The In-Between Time (Common Children, 2001). The final Common Children album largely builds on the template set out by Delicate Fade, to the point where its opener, “Absence of Light,” is basically a sequel to “Stains of Time.” The major difference is that Byrd and Andrew Thompson (who joined the band for this album and who would soon form Hammock with Byrd) surround the songs with atmospheric guitar work. The atmospheric tracks can get a little samey, however, especially given the way that Byrd’s melodies have always tended to run together. The In-Between Time is at its best when it’s heaviest and poppiest: the aforementioned “Entertaining Angels,” but also the Steve Hindalong tribute “Free,” the yearning “Always on the Outside,” and “So Mysterious,” dedicated to Christine Glass.

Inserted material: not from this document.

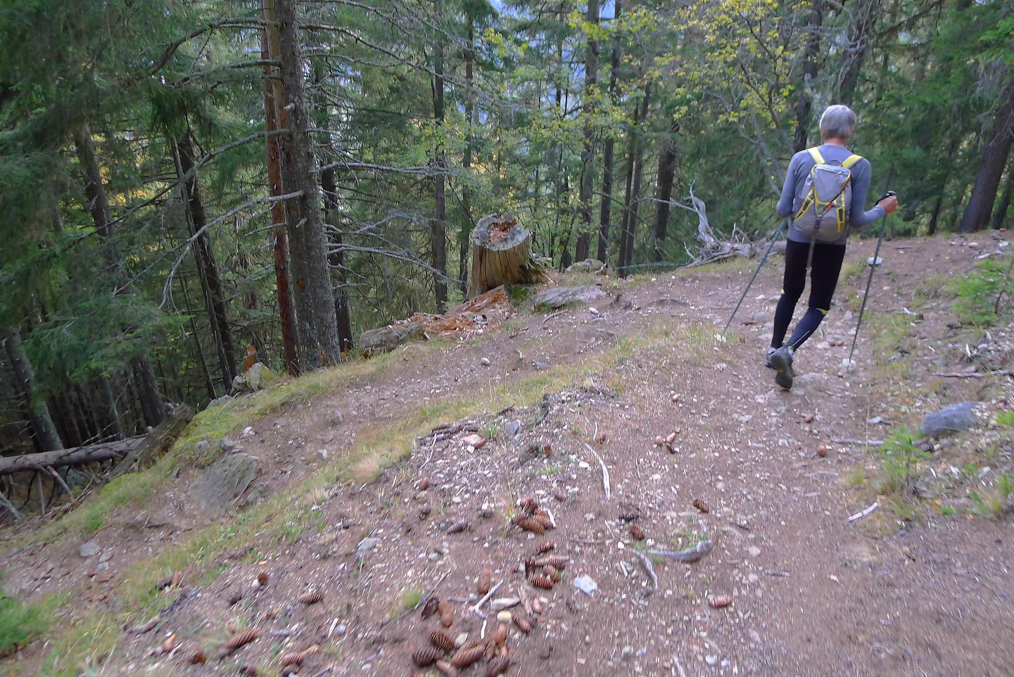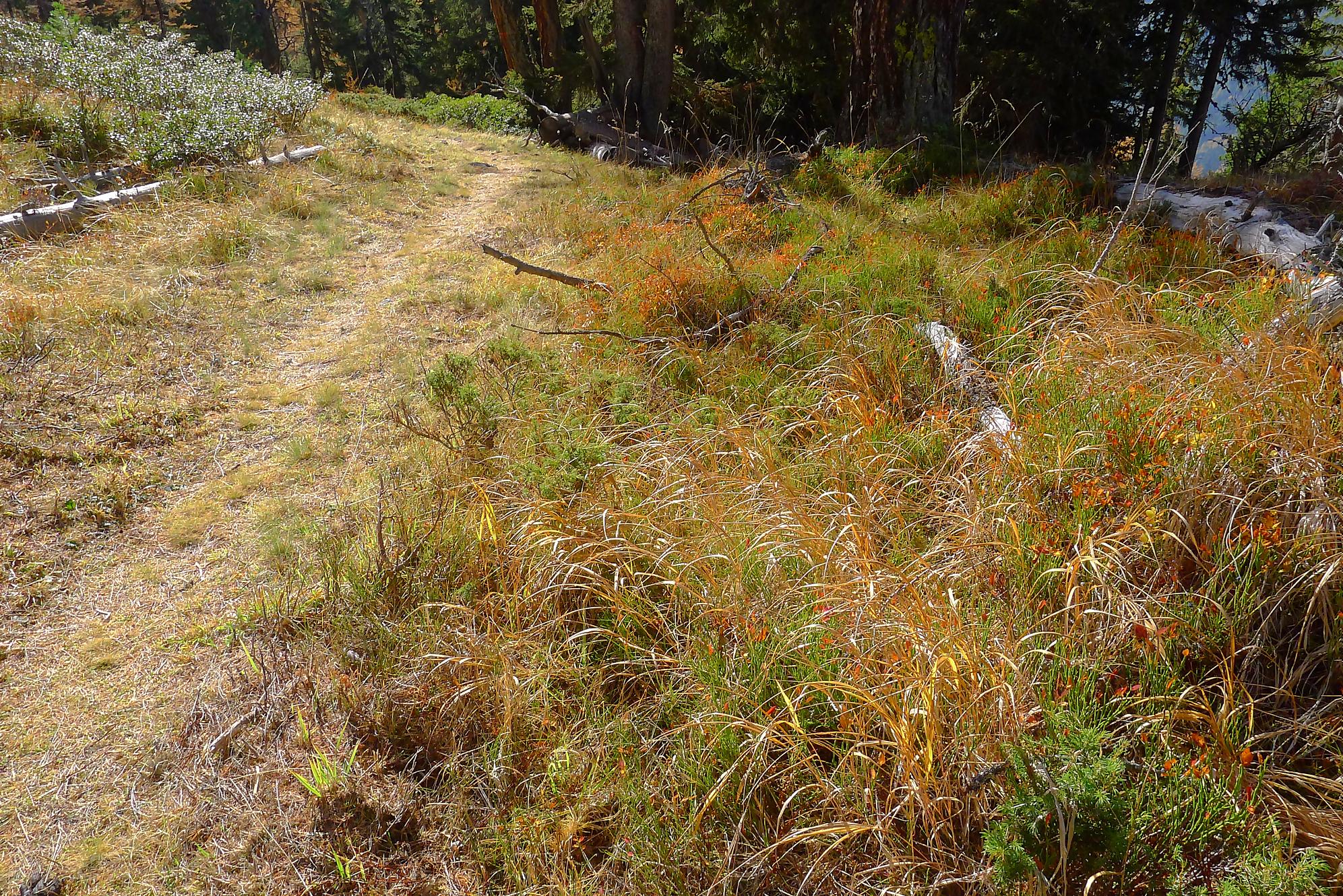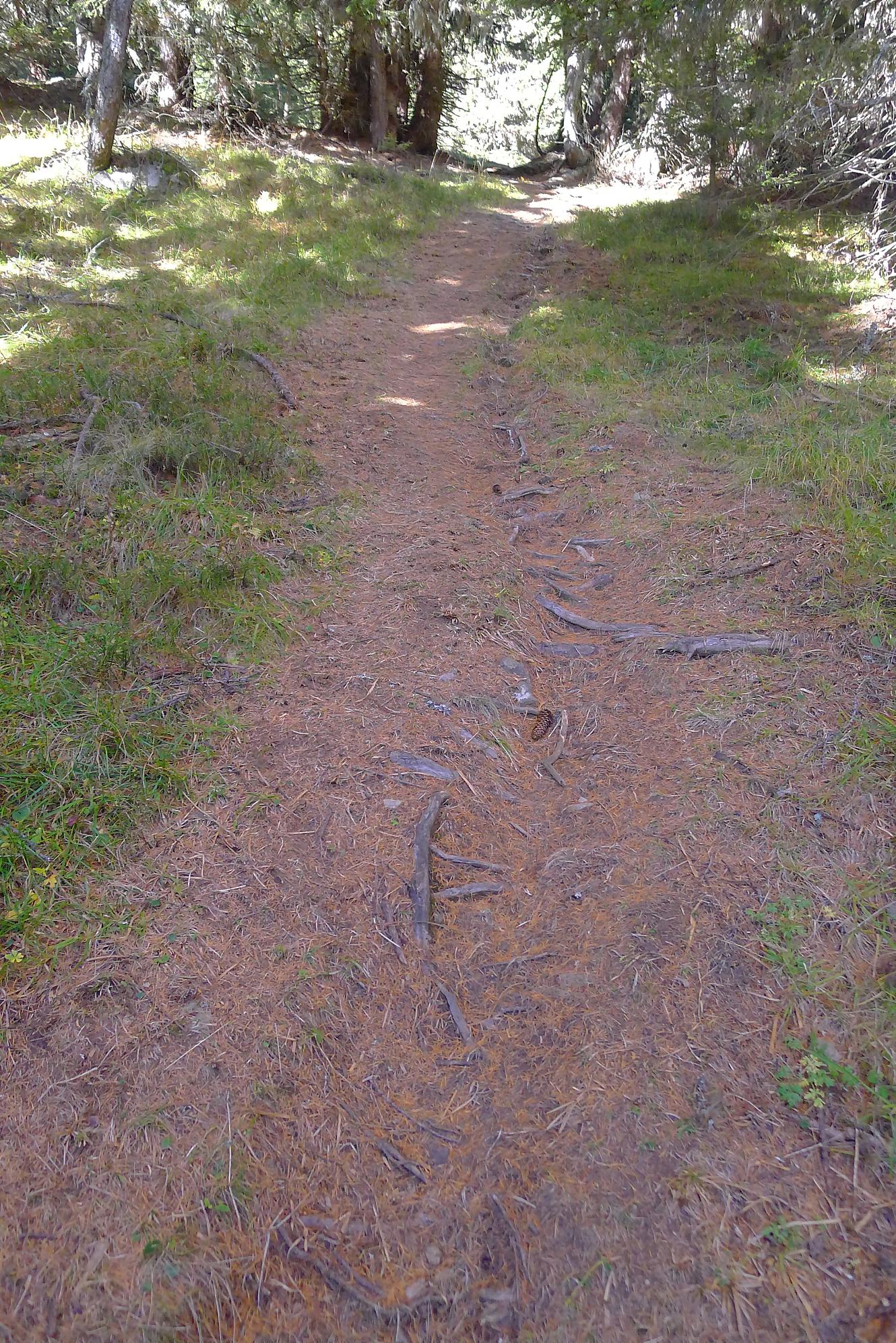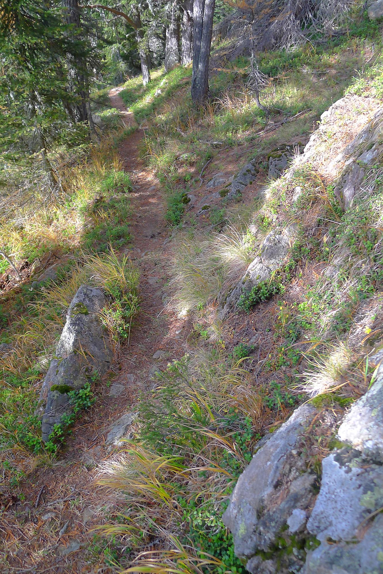 Puis je remonte, par un sentier en forêt, il y a bien des fourmilières dans la région. Au Pt1968, il est possible de descendre directement au Col de la Forclaz, mais il me restait du temps et je suis parti par le sentier de Plan de Gy. En sortant de la forêt, ce fut un de mes secteur préféré de cette balade. Il y a quelques gouilles sur notre passage. Puis je rejoins la crête et peu après je retrouve le Mont de l’Arpille. Le ciel s’est voilé d’altostratus, et il est fait mon chaud. Je poursuis ensuite par la crête, le sentier est doux et joli. J’arrive à un chalet qui est donc le reste (transformé) de l’arrivée du télésiège. Puis le chemin bifurque à l’O. Il y a un raccourci vers 2020m et écoutant mon instinct je l’ai suivi. Certes c’est pentu, mais comme c’est un raccourci, c’est court ! Je retrouve le chemin sous le Pt1968 et le descends. D’abord agréable, puis vers 1900m, il devient pentu et tout en zigzags. Un homme me rattrape et nous finirons ensemble la balade. Il restait à rejoindre le Col de la Forclaz, dont on entend assez vite les voitures filant à vive allure (eh oui le Valais !). Chose surprenant, il n’y a pas de passages piétons.

Human (Christine Glass, 1997). Glass’s debut aims itself squarely at the shiniest parts of the post-grunge alternative era. She looks like Shirley Manson on the cover, a resemblance that is born out by the record’s more electronic touches (especially the trip-hoppy “Shadows”). Her vocals more often recall Dolores O’Riordan, a cheerier Alanis Morrisette, or perhaps a crunchier Sheryl Crow—the single “Crazy All Around” certainly adopts the spoken-word verses of “All I Wanna Do.” There are also a number of songs, like “Waves,” that verge on adult contemporary—no doubt a product of the Christian radio of the era, which didn’t have a lot of space for rock artists, particularly not female rock artists. I think the second half of the album is pretty tedious, but my wife loves Human, danced around our apartment when I played it for her, and wishes she’d had the CD in 1997.


THE DISCOUNT BIN

Skywire (Common Children, 1996). I had remembered Common Children’s debut as rather typical grunge in the Nirvana/Bush mode—and some of the songs (especially “Man” and “Hate” are just that). But there are more glimpses of things to come than I had thought. The second song, “Wishing Well,” could have appeared on Delicate Fade, and the chiming, echoing guitars at the beginning of “Dual Lens” prefigure Byrd’s work with the Choir and Hammock. Even so, Skywire is mostly by-the-numbers mid-‘90s angst, especially the vocals, which largely fail to impart any memorable melodies. Andrew Thompson’s bass is great, and there are flashes of brilliance in the guitar work, but Skywire can’t transcend its genre.

 

FOR FANS ONLY

Open Wide This Window (GlassByrd, 2003). Unfortunately, Glassbyrd’s only album is rife with the sort of glossy pop/rock worship that dominated Christian radio at the time. (Maybe it still does—the only time I hear Christian radio is when I walk past by college cafeteria, and it usually makes me move faster.) It’s nice to hear Christine Glass sing lead on a few songs, but other than that, Open Wide This Window is at its best when it sounds like a lighter, less-interesting version of Common Children—as on the opening two tracks, “This Window” and “Tonight (I Want to Live in Your World).” Damning with faint praise, indeed.


GREATEST HITS, ETC.

With only six albums between the two of them, Byrd and Glass have no need for a greatest hits collection.


LIVE ALBUMS

Common Children put out a limited-edition live album, Setlist, between Skywire and Delicate Fade. It’s so rare that not only have I never heard it, I can’t even find a track listing on the internet–but Wikipedia says that it features the entire Skywire album and two songs from Delicate Fade.


SIDE PROJECTS

Byrd and Glass’s most notable “side project” is their work with the Choir. Byrd has been a full-time member since the release of O How the Mighty Have Fallen in 2005, and Glass has, I believe, sung on every record since 2000’s Flap Your Wings, including Live and on the Wing in Music City, where she gets off a zinger about the band between songs. Byrd has also played in the ambient/post-rock group Hammock for a decade, along with Glass and several other members of Common Children.